Red Audrey and the Roping

Occasionally a debut novel comes along that rocks its readers back on their heels. Red Audrey and the Roping is one of that rare and remarkable breed. With storytelling as accomplished as successful literary novelists like Margaret Atwood and Sarah Waters, Jill Malone takes us on a journey through the heart of Latin professor Jane Elliot.

Set against the dramatic landscapes and seascapes of Hawaii, this is the deeply moving story of a young woman traumatized by her mother’s death. Scarred by guilt, she struggles to find the nerve to let love into her life again.
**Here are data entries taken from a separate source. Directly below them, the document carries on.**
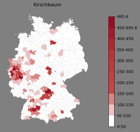 Absolute Verteilung des Namens Kirschbaum (1890)Direkt zur Karte Absolute Verteilung des Namens "Kirschbaum" um 1890 im damaligen Deutschen Reich Sie können die Karte innerhalb des Fensters zoomen und verschieben. |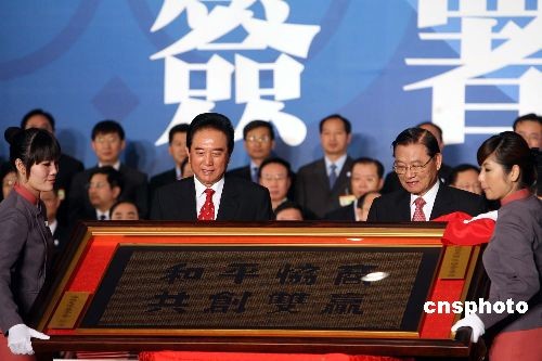 圖:江丙坤贈陳云林"和平協(xié)商 共創(chuàng)雙贏"匾額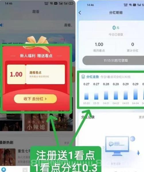 注册奖励:新人注册趣看短剧即送1看点,每日签到可获得0.1看点。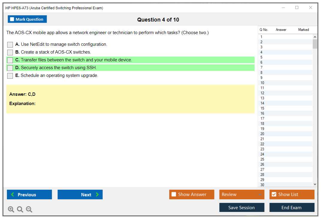 The HP HPE6-A73 (Aruba Certified Switching Professional Exam) is designed to validate the skills and knowledge required to configure, manage, and troubleshoot advanced layer-2 and layer-3 enterprise campus switching solutions using the AOS-CX operating system.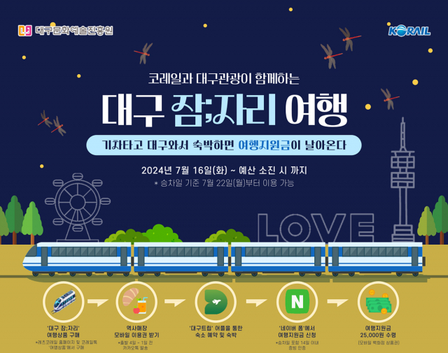 대구광역시와 (재)대구문화예술진흥원(이하 ‘문예진흥원’) 관광본부는 한국철도공사(이하 ‘코레일’)와 함께 열차를 타고 대구를 방문하는 관광객을 대상으로 여행지원금을 지원하는 대구관광 숙박 프로모션 ‘대구 잠;자리 여행’을 진행한다.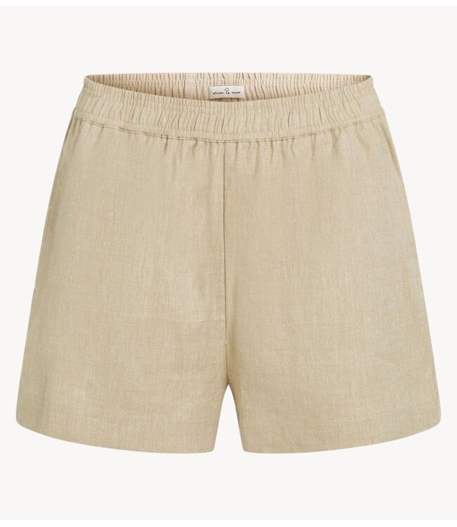 Luchtige dames short gemaakt van een mix van linnen en katoen in het warm beige. De Suzie short heeft een loose fit met elastische tailleband en steekzakken. Beschikbaar in verschillende tinten.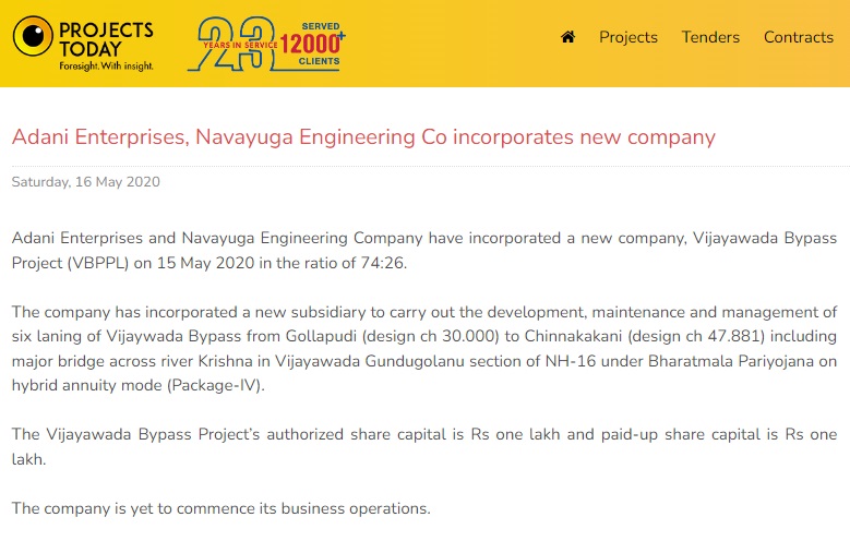 However, we found that the Adani Group’s name had reportedly cropped up when it emerged that its flagship firm Adani Enterprises and Navayuga Engineering Company had incorporated a new company, namely ‘Vijayawada Bypass Project’ on May 15, 2020 in the ratio of 74:26.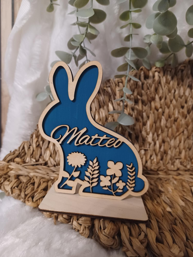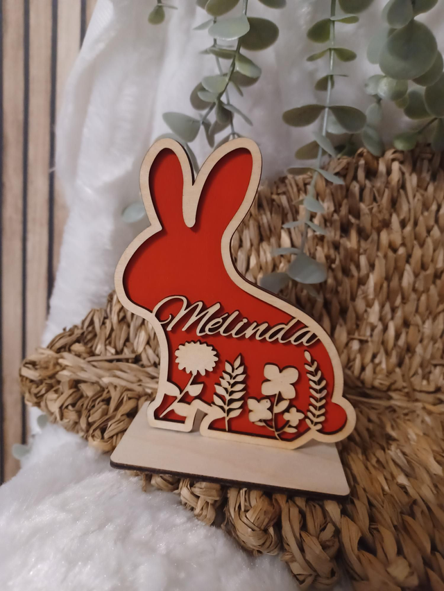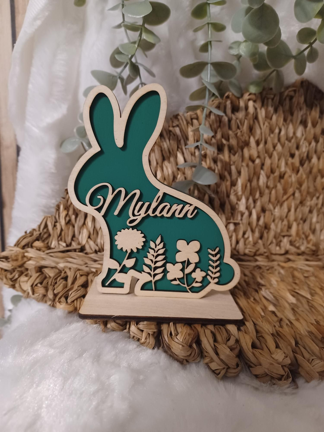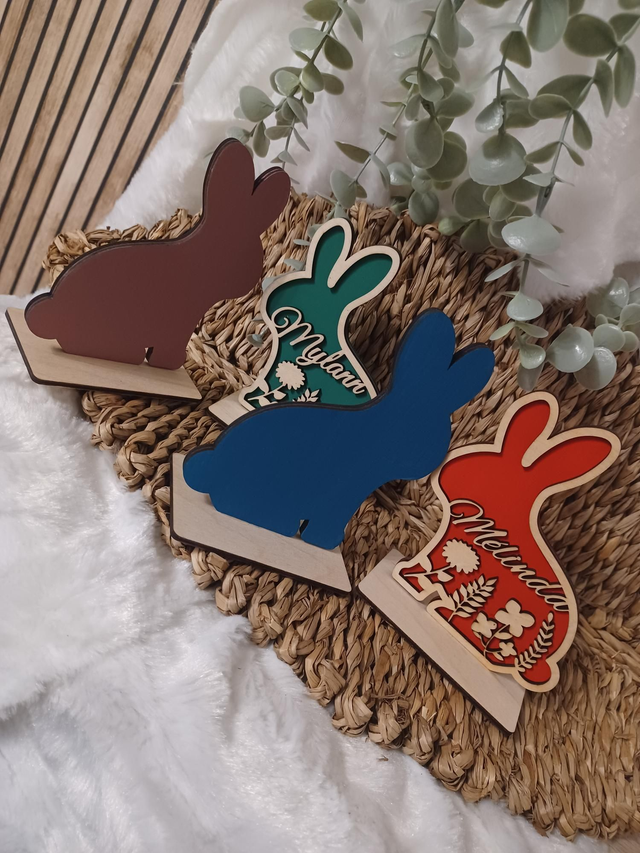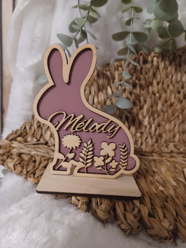 Découvrez les mignons p'tits lapins, découpés avec soin et ornés de motifs floraux délicats. Chaque lapin est unique, personnalisé avec le prénom de votre choix. Parfaits pour une décoration de table festive, une chambre d'enfant ou une touche printanière dans votre salon, ils apporteront une note chaleureuse et originale à votre interieur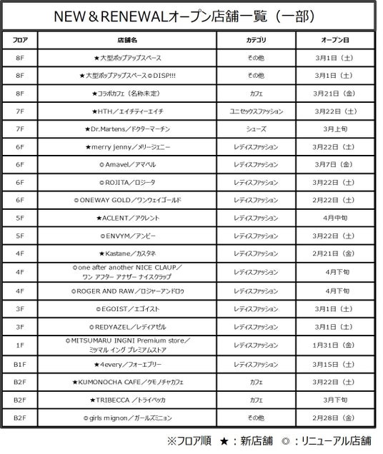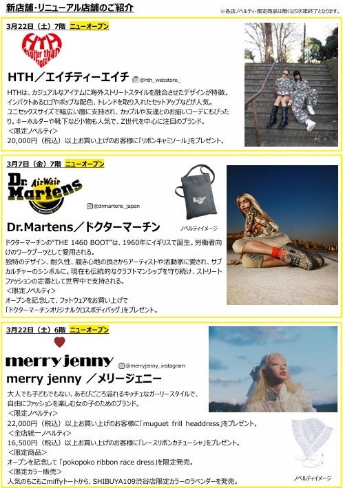 SHIBUYA109 春のニューオープン&リニューアルオープンのお知らせ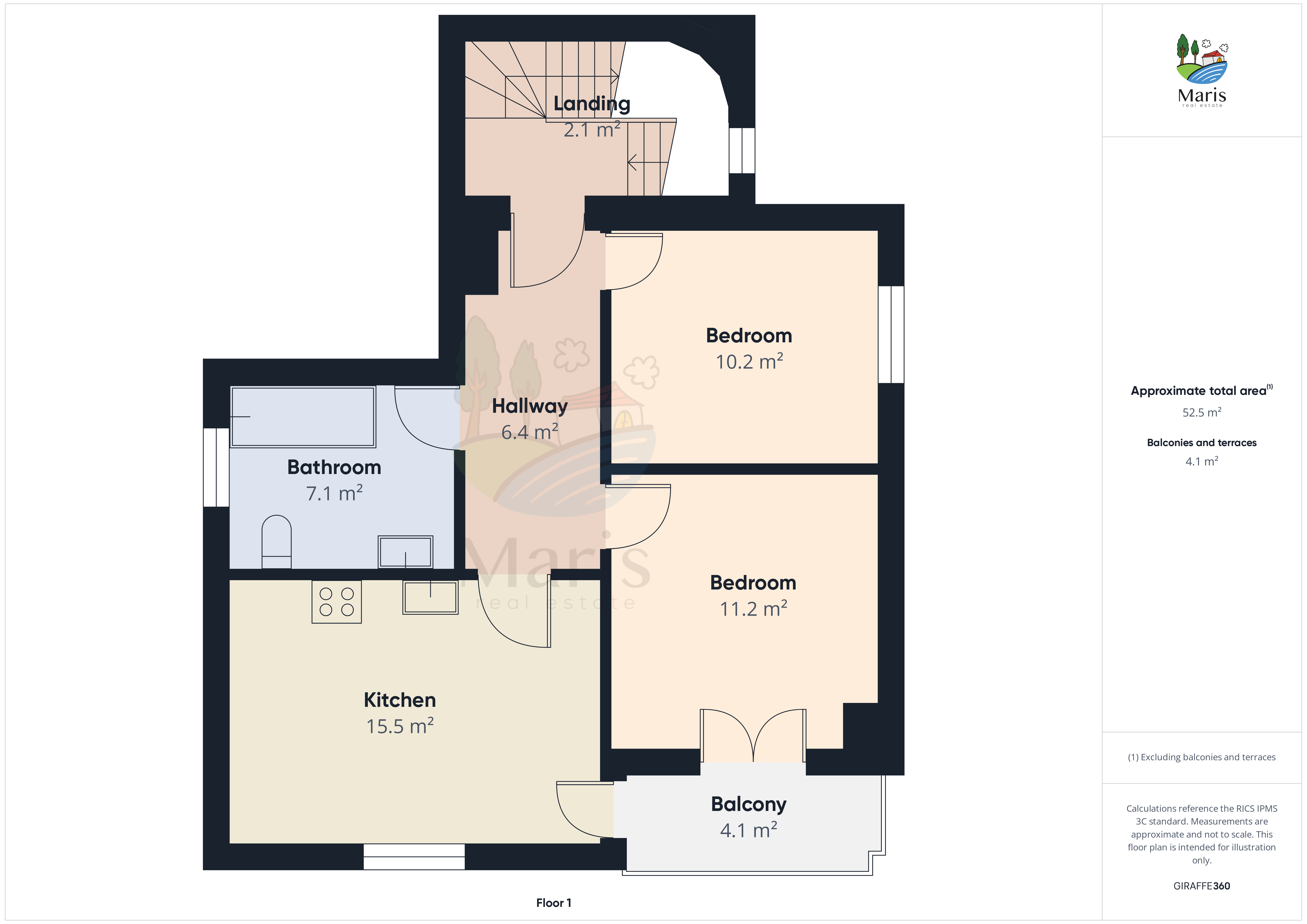 - 1. kat: ukupno 51,42 m2

Afraid to love herself or anyone else, Jane falls in love with risk, pitting herself against the world with dogged, destructive courage. But finally she reaches a point where there is only one danger left worth facing. The sole remaining question for Jane is whether she is willing to accept her history, embrace her damage, and take a chance on love.

As well as a gripping and emotional story, Red Audrey and the Roping is a remarkable literary achievement. The breathtaking prose evokes setting, characters, and relationships with equal grace. The dialogue sparks and sparkles. Splintered fragments of narrative come together to form a seamless suspenseful story that flows effortlessly to its dramatic conclusion.

Winner of the Bywater Prize for Fiction, Red Audrey and the Roping is one of the most memorable first novels you will ever read.